Transportation Planning Impacts Sleep
October 7, 2025
There are many important parts of the intersection between public health and planning but one I haven’t seen discussed much is sleep. People have all kinds of different sleeping patterns but society generally caters to the early birds over the night owls. I’m not bitter.
Scientists in Japan now have found a way sleep is impacted by housing and transportation choices. Researchers found that length of commutes and housing size can determine whether people have insomnia, which can lead to a whole host of other health problems. But the smaller housing sizes can be somewhat offset with reduced commute times in the Tokyo study area.
I find this interesting for a couple of reasons if it were also loosely applied to the US context. First of which is that we continue to build our housing and transportation systems here so that people are able to afford a bigger, likely quieter, home on the periphery.

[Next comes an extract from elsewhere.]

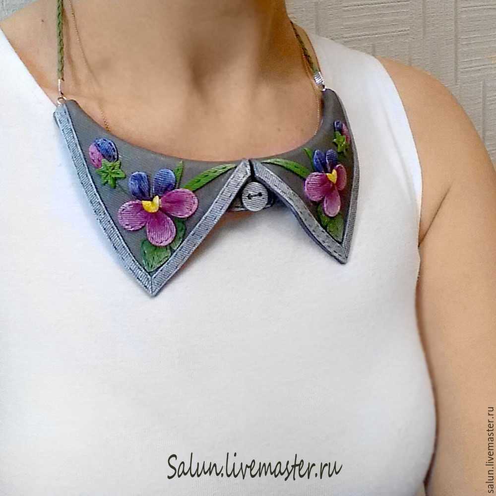 Важно выделить это украшение контрастным цветом. Чем массивнее украшение на шею, тем тоньше и легче должна быть одежда

But the benefits of that are often offset by transportation costs and distances. More time spent in a vehicle commuting can be seen as unhealthy for many reasons including induced stress, but it also seems to offset the sleep benefits of the potentially quieter house.
The second reason this is interesting, especially when thinking in the context of Architectural Epidemiology and green building design which we just discussed on the podcast, is that we just really don’t think hard enough about health in the context of the early decisions that we make in transportation and housing. When we want to address the problems many times it’s too late and we have to resort to the biomedical model of curing ailments.
We know now about all these impacts to people but they are really just tossed to the side to be figure out by someone else. But when we do begin to address them, we get huge results! Look at Santiago Chile, and the 30 year program for cleaning up air quality from particulates. Less respiratory viruses. The health care system isn’t overwhelmed in winter.
But back to the sleep discussion. Many nights when my daughter doesn’t want to go to sleep I tell her that it’s really important. When she asks “why?” as she inevitably does, I always answer that it’s the time when our bodies repair themselves. This repair time ultimately benefits our overall health so perhaps we’d benefit if our planning systems aided existing evolutionary systems honed over hundreds of thousands of years.